A ausência do presidente chinês Xi Jinping na cúpula — apenas a segunda vez que ele faltou ao fórum do G20 — pode também ter sido uma oportunidade para os três líderes reativarem sua articulação trilateral. Normalmente, Xi se reuniria com Modi, Ramaphosa e Lula como parte do grupo Brics, juntamente com a Rússia, cujo líder, Vladimir Putin, não participa da cúpula do G20 há anos.

Xi Jinping frequentemente assume um papel de liderança em fóruns como o Brics e a Organização de Cooperação de Xangai, que ele cultivou como um contrapeso à ordem mundial liderada pelos EUA. Ele também foi um dos poucos políticos a confrontar, com sucesso, as tarifas de Trump neste ano.

O Ministério das Relações Exteriores da China não respondeu a um pedido de comentário feito fora do horário de expediente.

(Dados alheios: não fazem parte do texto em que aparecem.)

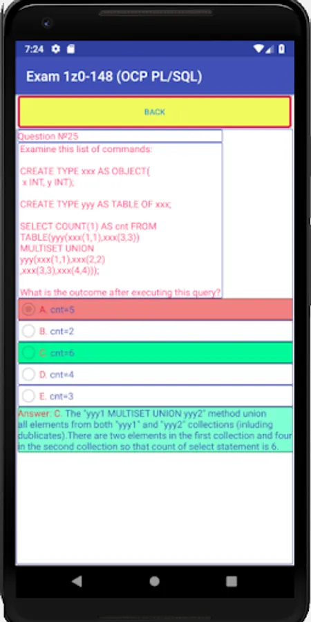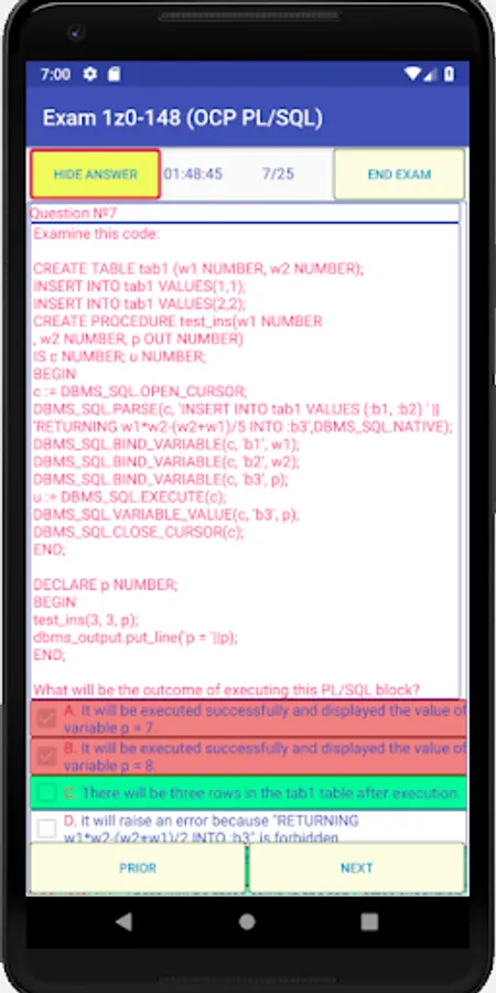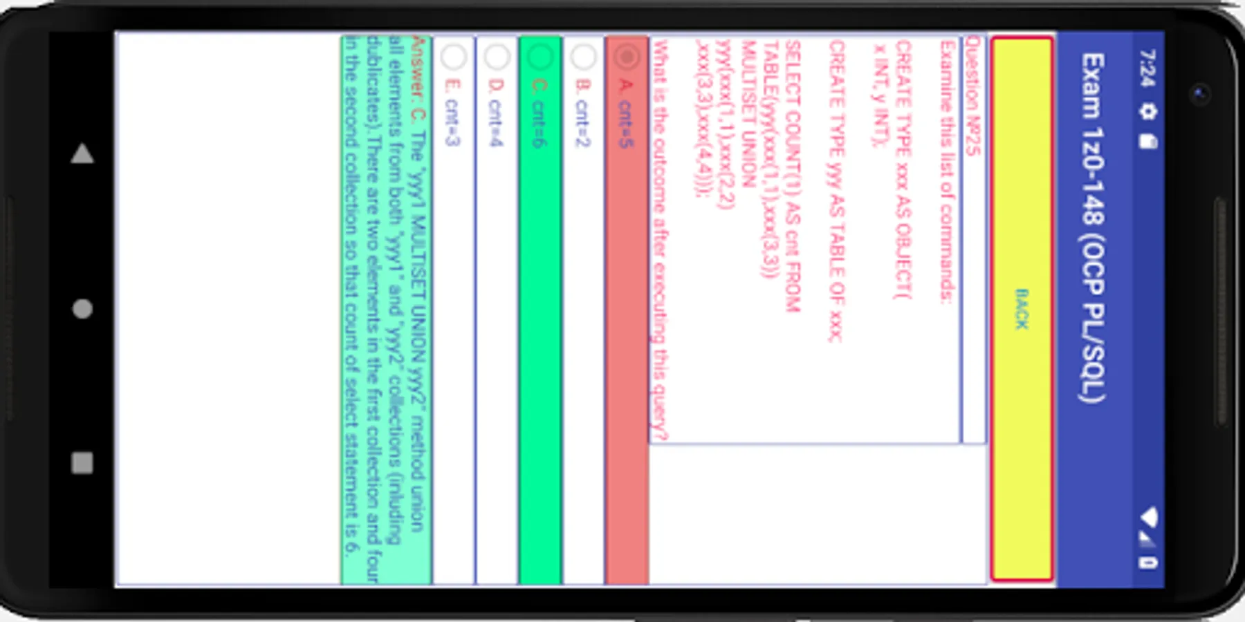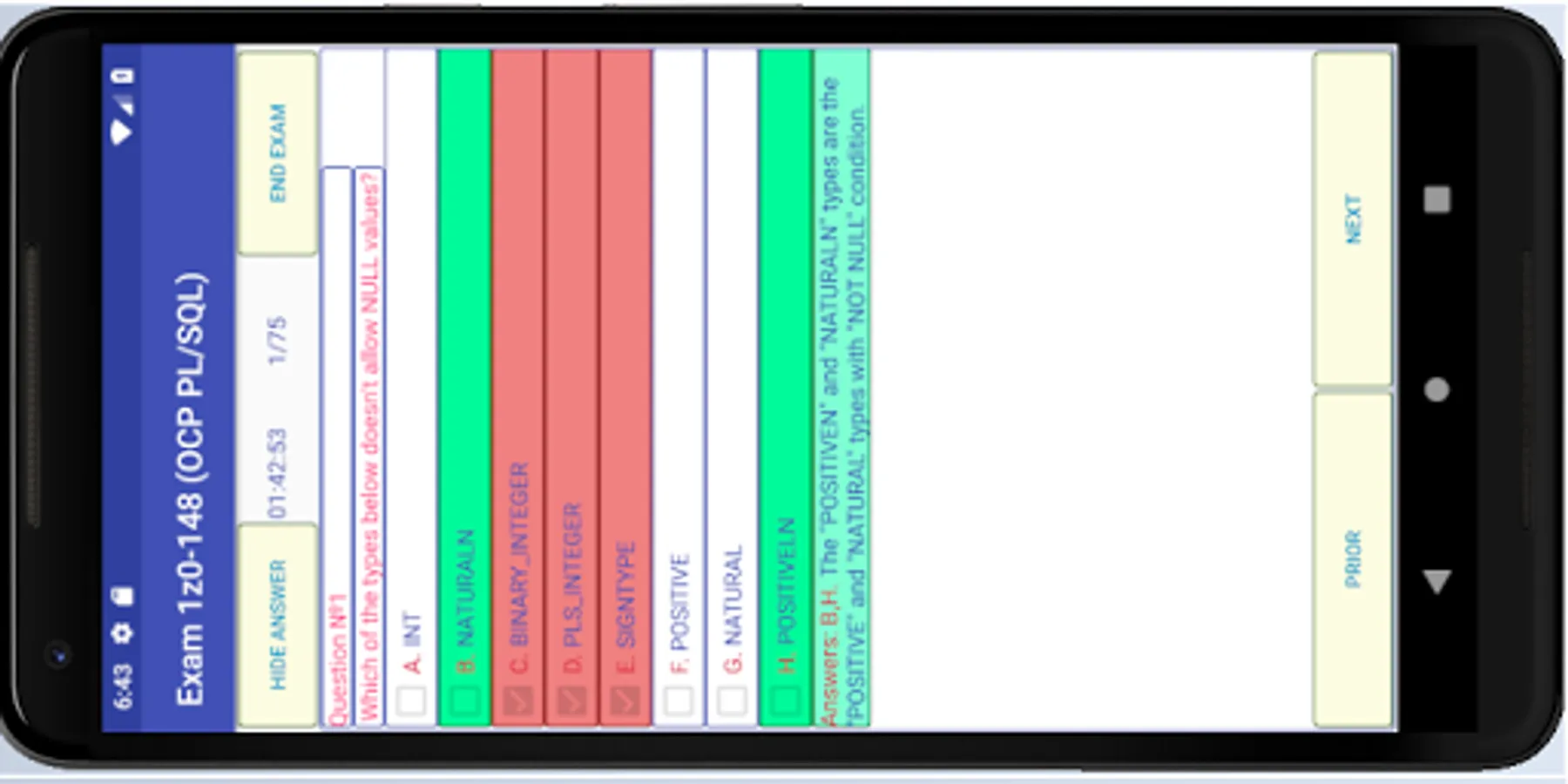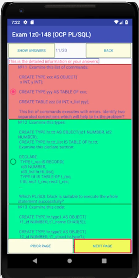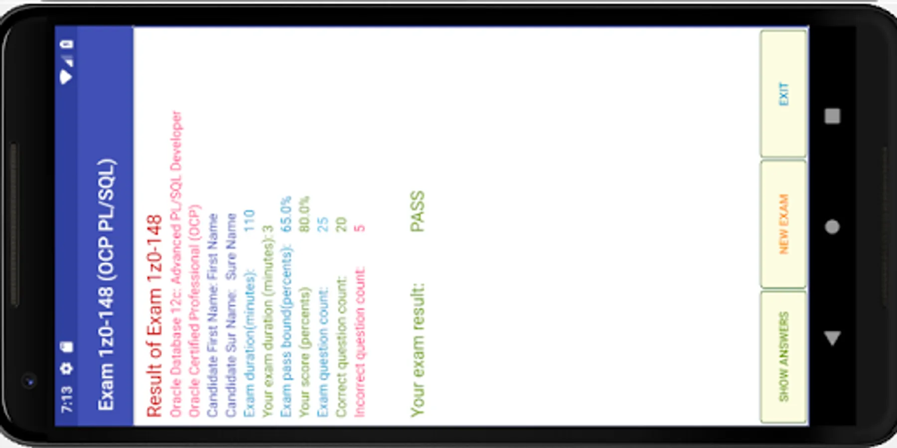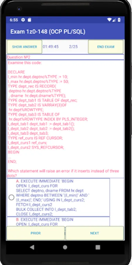 This application allows to prepare to take the 1z0-148 exam which is essential to obtain the advanced PL/SQL developer certificate (OCP). The application is a mobile analogy of the real oracle 1z0-148 exam but the questions in this application are more complicated. Some questions in this application will never appear in the real exam but they are necessary for deeply understanding PL/SQL programing skills. The application consists of 300 questions which are divided into 12 topics. Each topic includes 25 questions. It is possible to choose the questions specifying the concrete topics from the list.

No entanto, o Brics passou a ser dominado pelas agendas da China e da Rússia, e sua composição cresceu rapidamente ao longo dos anos, ultrapassando as cinco nações fundadoras e incluiu países como o Irã e a Etiópia.

O grupo IBAS, em sua forma mais reduzida, permite que os três líderes coordenem ações em um fórum menor, o que possibilita a execução de políticas com maior rapidez.

“A África do Sul, que antes estava feliz em deixar o IBAS subordinado ao Brics, agora busca um agrupamento mais coerente”, afirmou Syed Akbaruddin, ex-enviado indiano às Nações Unidas, que agora leciona na Escola de Políticas Públicas Kautilya.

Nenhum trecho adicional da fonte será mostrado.